[WHAT YOU ARE ASKED TO DO]: Drop all images. Then write out each line below exactly as given.

[DATASET SECTION]:

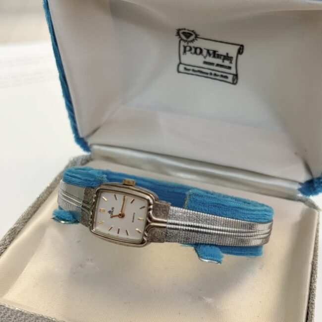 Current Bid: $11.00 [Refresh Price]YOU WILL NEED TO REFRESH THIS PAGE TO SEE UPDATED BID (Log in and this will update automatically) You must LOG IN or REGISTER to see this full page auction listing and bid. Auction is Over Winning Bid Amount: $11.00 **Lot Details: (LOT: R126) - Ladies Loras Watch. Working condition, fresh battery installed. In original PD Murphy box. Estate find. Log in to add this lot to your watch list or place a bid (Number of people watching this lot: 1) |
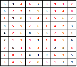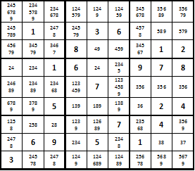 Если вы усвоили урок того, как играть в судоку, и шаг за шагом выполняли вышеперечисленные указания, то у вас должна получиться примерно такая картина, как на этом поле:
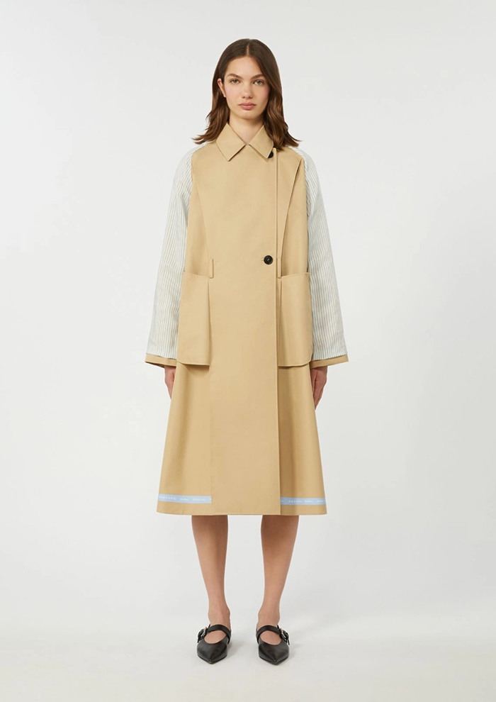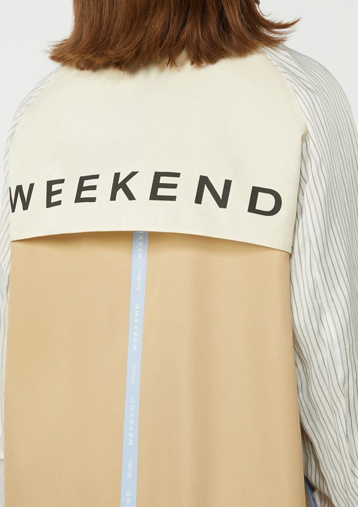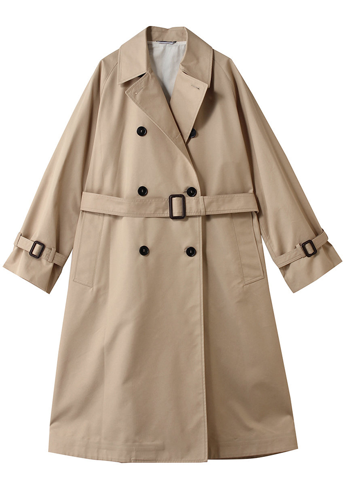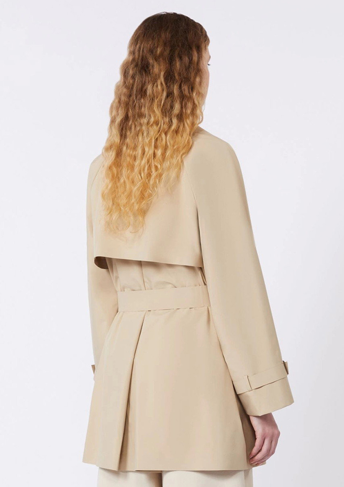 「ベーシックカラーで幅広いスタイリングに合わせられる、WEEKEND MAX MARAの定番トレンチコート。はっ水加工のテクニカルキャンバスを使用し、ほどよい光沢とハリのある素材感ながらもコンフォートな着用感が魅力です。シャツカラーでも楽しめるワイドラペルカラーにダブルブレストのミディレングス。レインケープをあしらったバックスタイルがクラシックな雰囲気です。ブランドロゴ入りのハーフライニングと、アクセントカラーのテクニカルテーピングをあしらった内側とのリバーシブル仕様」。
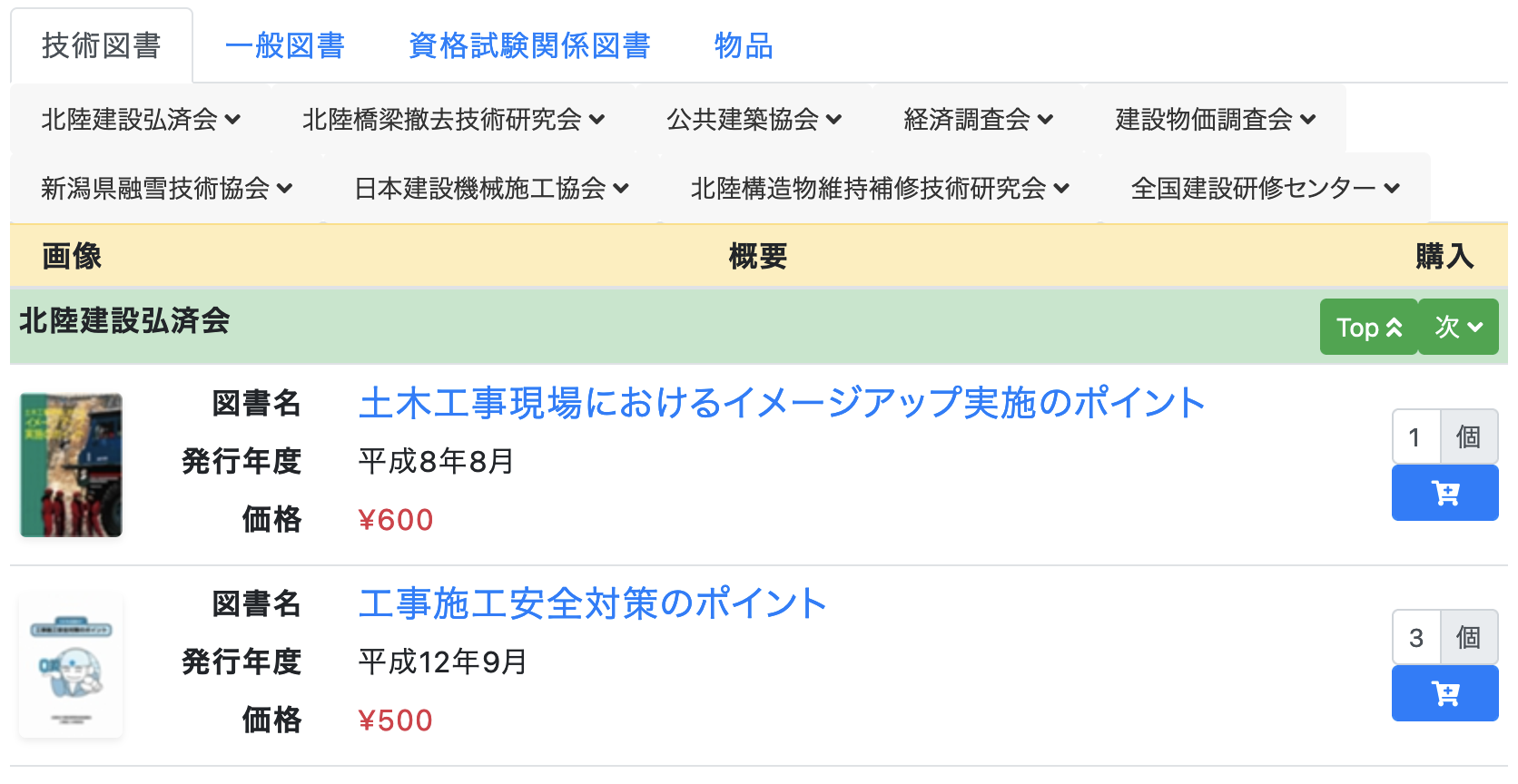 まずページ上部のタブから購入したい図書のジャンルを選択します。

[WRITTEN ANSWER]:
 Current Bid: $11.00 [Refresh Price]YOU WILL NEED TO REFRESH THIS PAGE TO SEE UPDATED BID (Log in and this will update automatically) You must LOG IN or REGISTER to see this full page auction listing and bid. Auction is Over Winning Bid Amount: $11.00 **Lot Details: (LOT: R126) - Ladies Loras Watch. Working condition, fresh battery installed. In original PD Murphy box. Estate find. Log in to add this lot to your watch list or place a bid (Number of people watching this lot: 1) |
 Если вы усвоили урок того, как играть в судоку, и шаг за шагом выполняли вышеперечисленные указания, то у вас должна получиться примерно такая картина, как на этом поле:
 「ベーシックカラーで幅広いスタイリングに合わせられる、WEEKEND MAX MARAの定番トレンチコート。はっ水加工のテクニカルキャンバスを使用し、ほどよい光沢とハリのある素材感ながらもコンフォートな着用感が魅力です。シャツカラーでも楽しめるワイドラペルカラーにダブルブレストのミディレングス。レインケープをあしらったバックスタイルがクラシックな雰囲気です。ブランドロゴ入りのハーフライニングと、アクセントカラーのテクニカルテーピングをあしらった内側とのリバーシブル仕様」。
 まずページ上部のタブから購入したい図書のジャンルを選択します。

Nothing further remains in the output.